Глаза у Айвиэль стали круглыми, как блюдца:

— Так, значит, московские девчонки правы: Арда существует? И эльфы — тоже? В астрале…

Макс расхохотался. Достал листок бумаги, фломастер, нарисовал кривую рожицу:

— Этот рисунок существует?

— Ну…

— А откуда он взялся?

— Ты нарисовал.

— Так и Арда эта ваша: создали, вот и существует. Правда, с подачи Толкиена. И всяких других. Санек, кто там еще писал про эльфов?

— Десятки… Слышь, Макс, а ведь это здорово: если на этот твой астрал можно транслировать, то не нужны ни книги, ни компьютеры! Один человек придумывает "мультики", а остальные их смотрят. Представляешь, в кинотеатрах — афиши: "Сеанс коллективных глюков. Ведущий — заслуженный глючник России Иван Иваныч Иванов".

— Разбежался! Я давно эксперимент задумал, но не знал никого, кто создает "мультики" так же отчетливо, как ты.

— Правда, Санек! В Москве у меня так не получалось, как с тобой, — девушка оценивающе посмотрела на меня. — Были какие-то расплывчатые картинки, все смазанное, как сквозь туман…

— Но ведь любые способности можно развивать! У кого угодно!

— Наверно, — пожал плечами Макс. — Давайте лучше торт есть.

За чаем Айвиэль щебетала про тех девчат, которые тоже умеют вместе "глючить".

— Там девчонки уверены, что они, на самом деле, — эльфы. Настоящие. Только родились не в своем теле. Типа, душа эльфийская бессмертна и путешествует по мирам, возрождаясь то в одном, то в другом человеке. И такие люди будут странными, "не от мира сего". Меня почти убедили… Типа, я была раньше каким-то эльфийским принцем. И, веришь-нет, я жизнь в Арде сама видела! Закрываю глаза — а вокруг лес серебряный, весь переливается, ручеек крохотный, у воды — ирисы… Огромные, с серебром по краю лепестка…

— Мультики, — фыркнул Макс.

— Ага! Там одна девочка тоже сказала, что это все — неправда, это они специально делают, чтобы человека покрепче к себе привязать. Как в сектах разных…

— Но ты же не привязалась?

Глаза у девушки вдруг стали грустными и какими-то нездешними, словно она душой она осталась в компании "эльфом", развлекающихся "мультиками".

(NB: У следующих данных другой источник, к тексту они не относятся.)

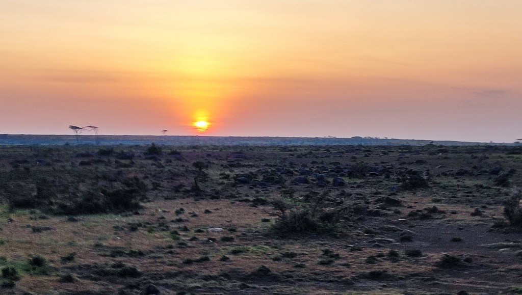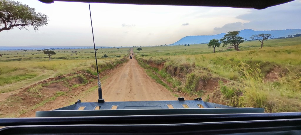 Deixamos o lodge no Mara Triangle em direção ao Masai Mara National Game Reserve com o sol ainda nascendo. Eram 6:45 e ele subia no horizonte em menor velocidade do que o avistava passando à janela do jipe. Em pouco mais de 20 minutos chegamos ao Portão Musiara, com alguém tentando vender um colar ou pulseira, que sempre comprávamos.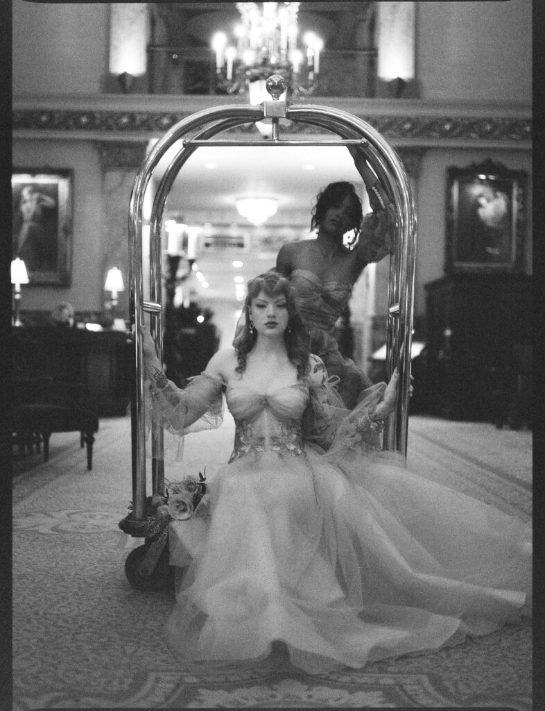 Our first muse wore a corseted Mignonette gown that slipped gently off the shoulder in carefree elegance. A modern-day Holly Golightly with a touch of defiance, she embodied the anti-bride: elegant yet untamed. My lens loved her quiet confidence and pensive poise. These compositions remind us that beauty can be soft and unstructured and that grace lives in the in-between moments.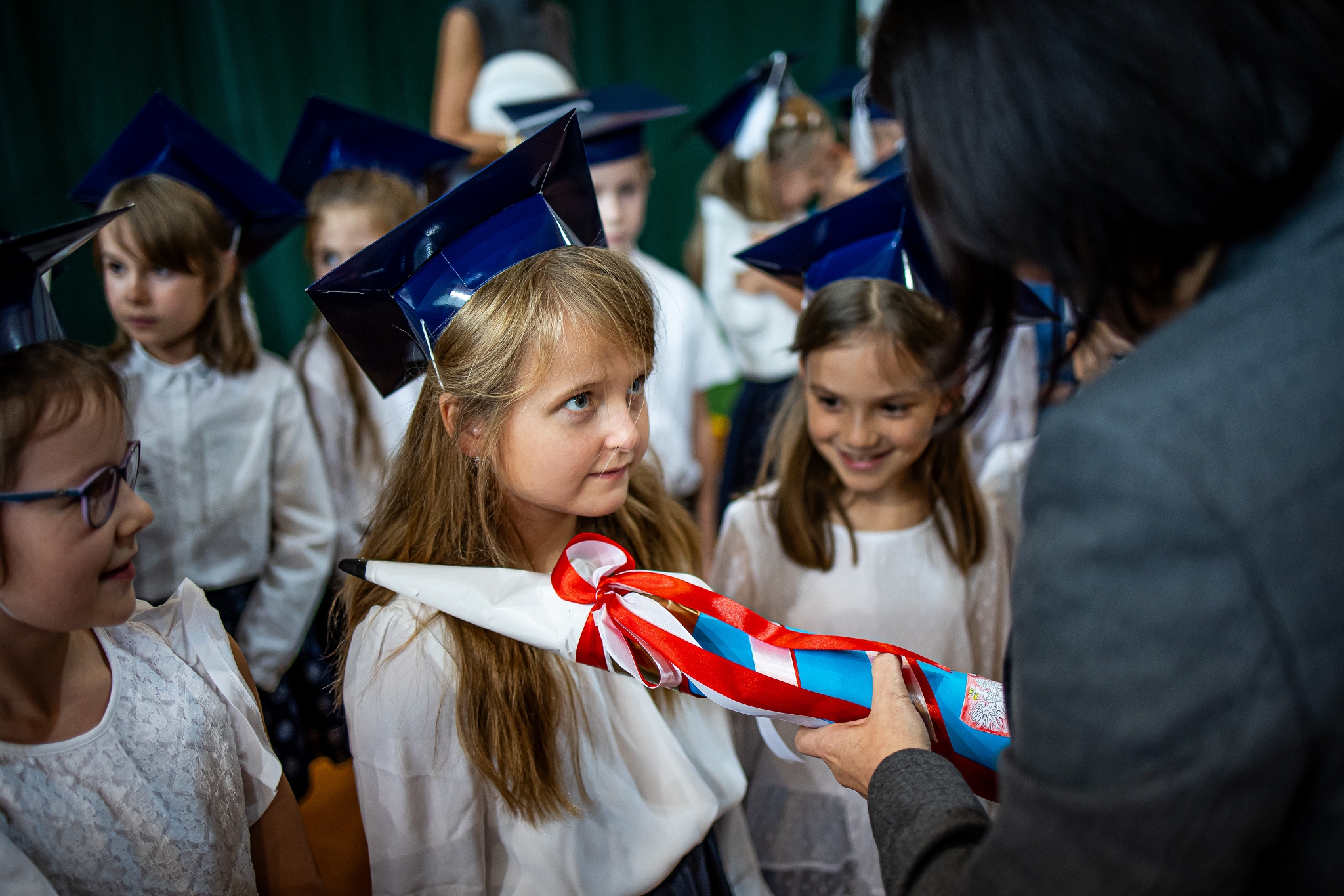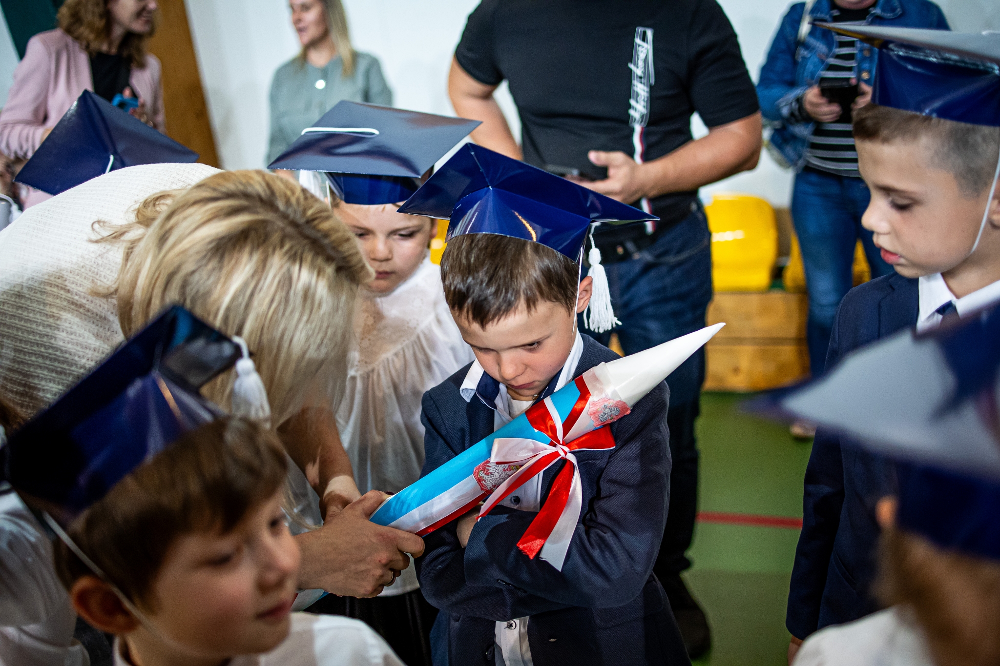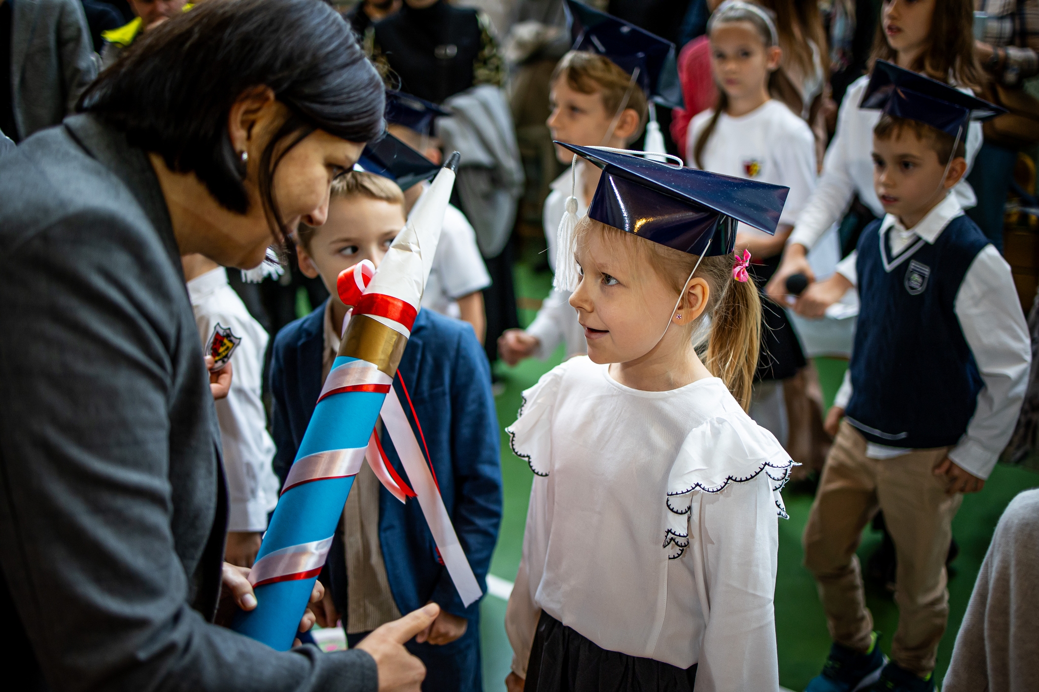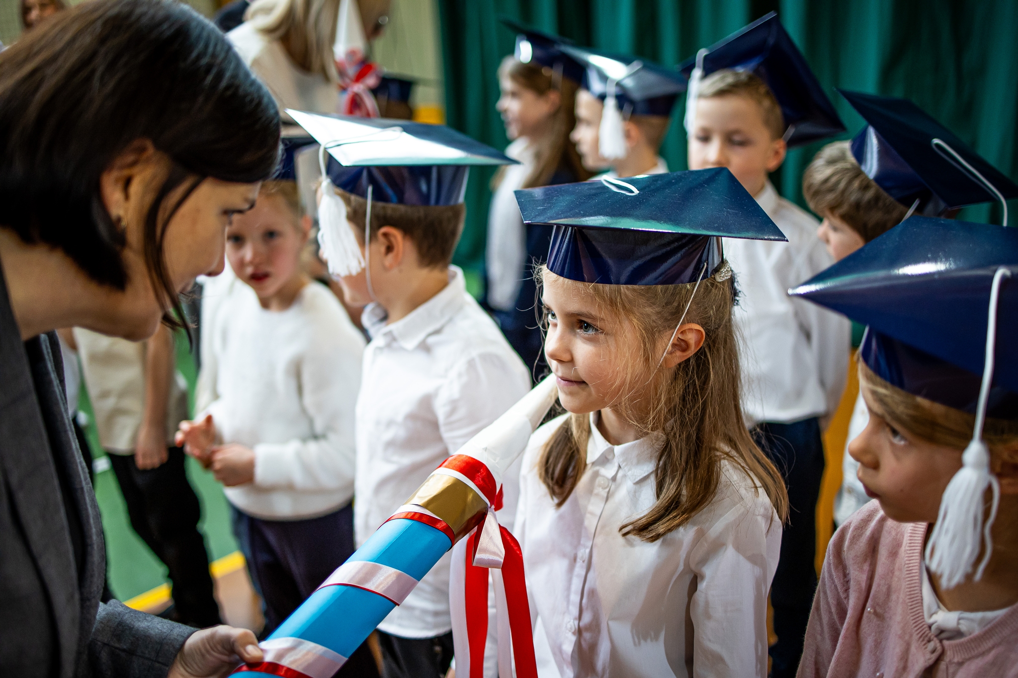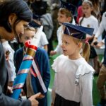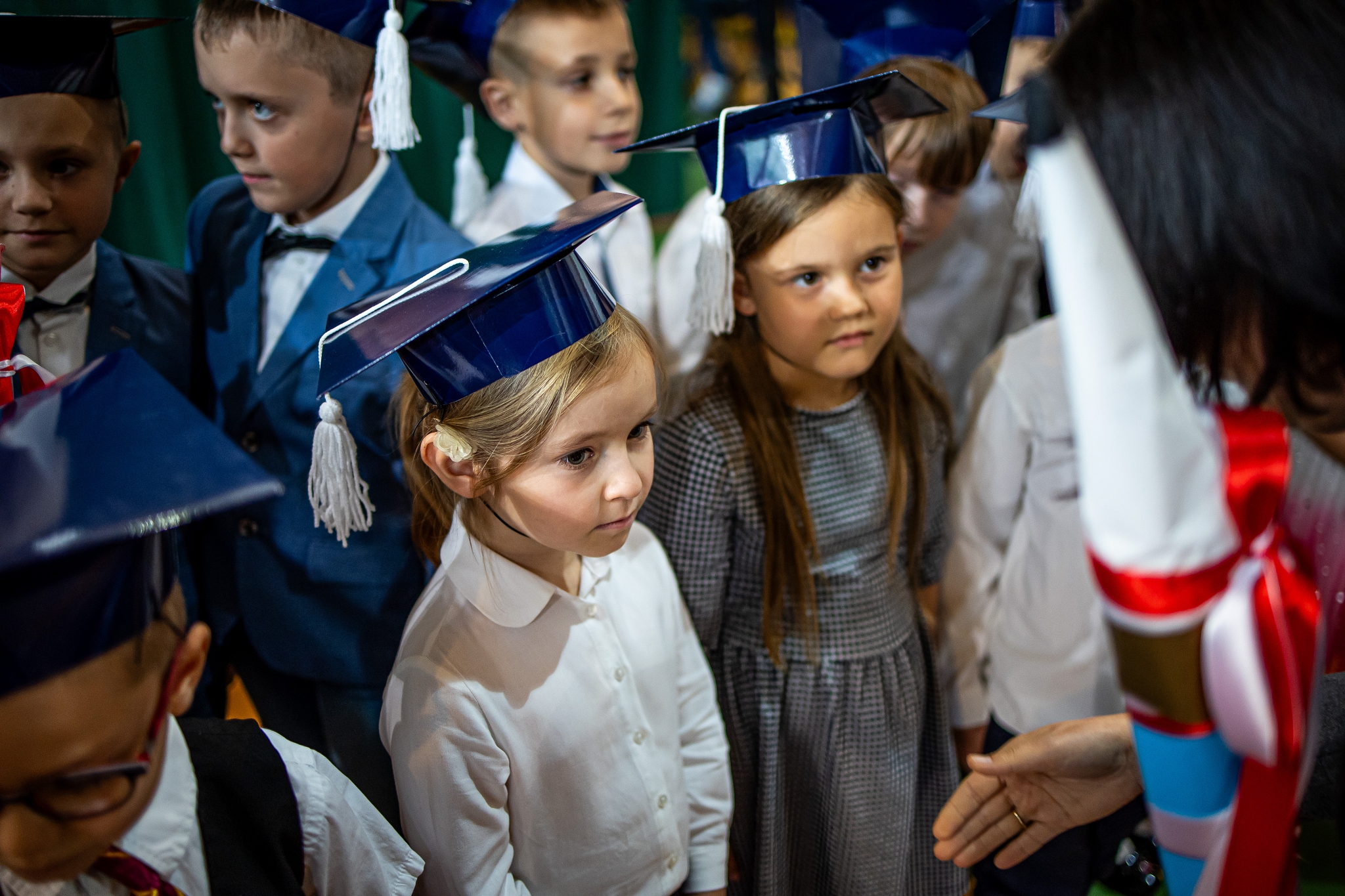 Wszystkie dzieci były skupione i wspaniale prezentowały się w stroju galowym oraz uczniowskich biretach.

— Меня Ийин очень обидела… Она такая… Чудесная… Не от мира сего… Вокруг нее куча девчонок, все ей в рот смотрят… А она… как сказать… принимает любовь. Как одолжение делает. Я долго терпела. Потом все бросила, рванула домой. Жалко, конечно, что из института ушла. У мамы столько гордости было, что я в Москве без блата поступила. А я — бросила…

— Может, сумеешь оформить академический отпуск, — вмешался я. — Если чего — врачи знакомые есть…

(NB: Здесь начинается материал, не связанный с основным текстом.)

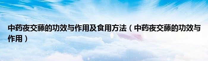 大家好,小新来为大家解答以上的问题。中药夜交藤的功效与作用及食用方法,中药夜交藤的功效与作用很多人还不知道,现在让我们一起来看看吧!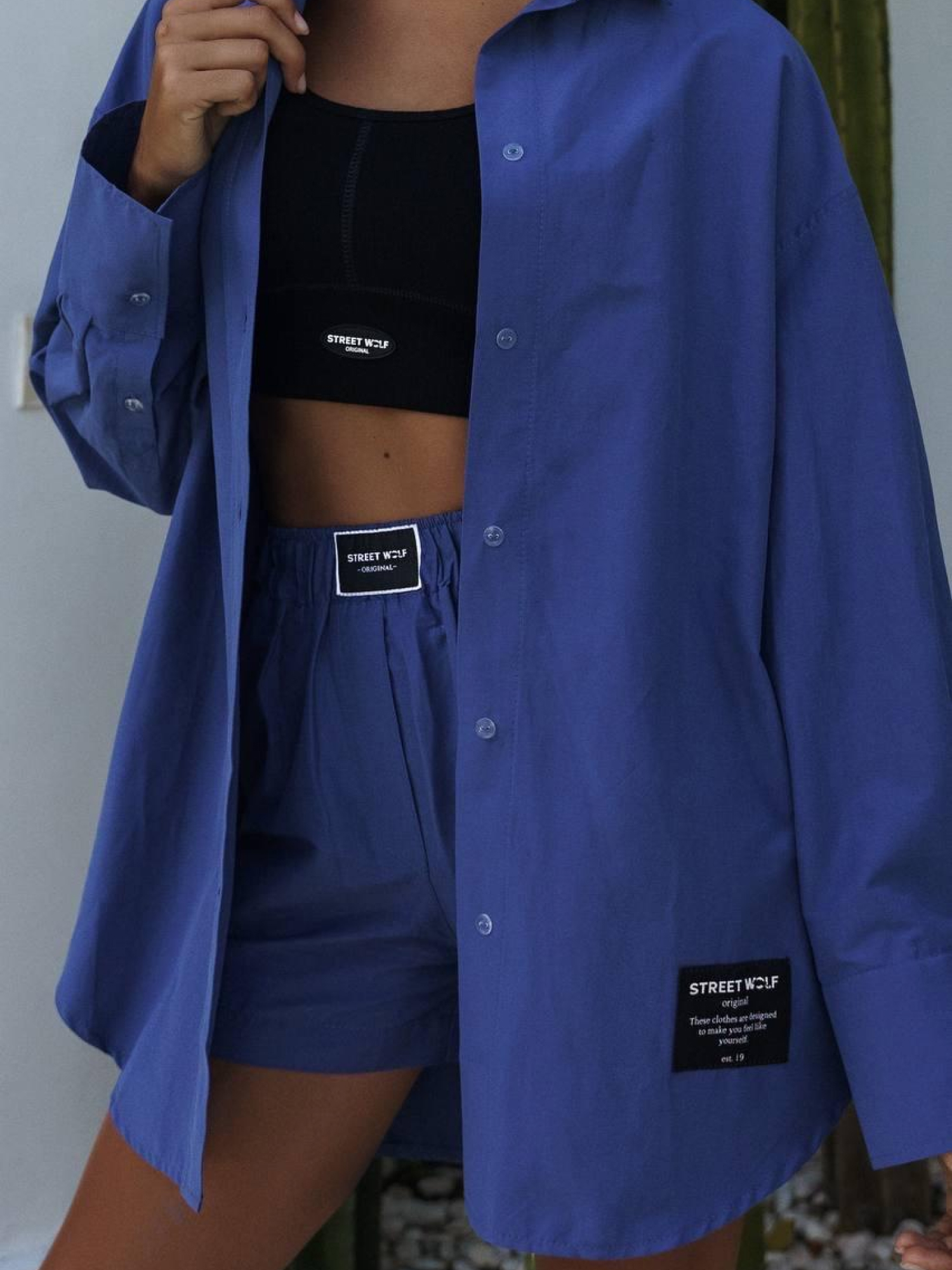 Женские шорты из хлопка в синем цвете. Пояс - эластичная резинка, по бокам - прорезные карманы и разрезы в нижней части изделия. На резинке выполнен лейбл с брендированной нашивкой Street Wolf.

— Хорошо бы, — вздохнула девушка. — Самое страшное, что Арда осталась со мной, и я не могу ни с кем ею поделиться. Если начну учить кого-нибудь "глючить", то стану такой же, как Ийин…

— Вон на пару с Саньком можешь "мультики" смотреть, — Макс ткнул меня кулаком под ребра. Шутливо ткнул, но чувствительно. — Только, смотри, не влюбись в этого оболдуя. У него уже подружка есть. Или две — не помню…

Я постарался перевести разговор на менее опасные темы:

— А ты с теми эльфами на полянке знакома?

— Вроде да… Это — не мои "глюки", а их. Я их специально искала, Макс говорил, что это по его теории можно…

— А та девушка с коровой? Она — кто?

— Это — моя тайная сказка. Про эльфийского принца, который отправился за приключениями и нашел любовь к обычной человеческой девушке.

Макс опять заржал. Что-то он сегодня подозрительно веселый:

— Так напиши ее. Какие проблемы?

На лице Айвиэль попеременно отразились нездешняя грусть, потом — недоумение, попытки что-то понять, потом — радость.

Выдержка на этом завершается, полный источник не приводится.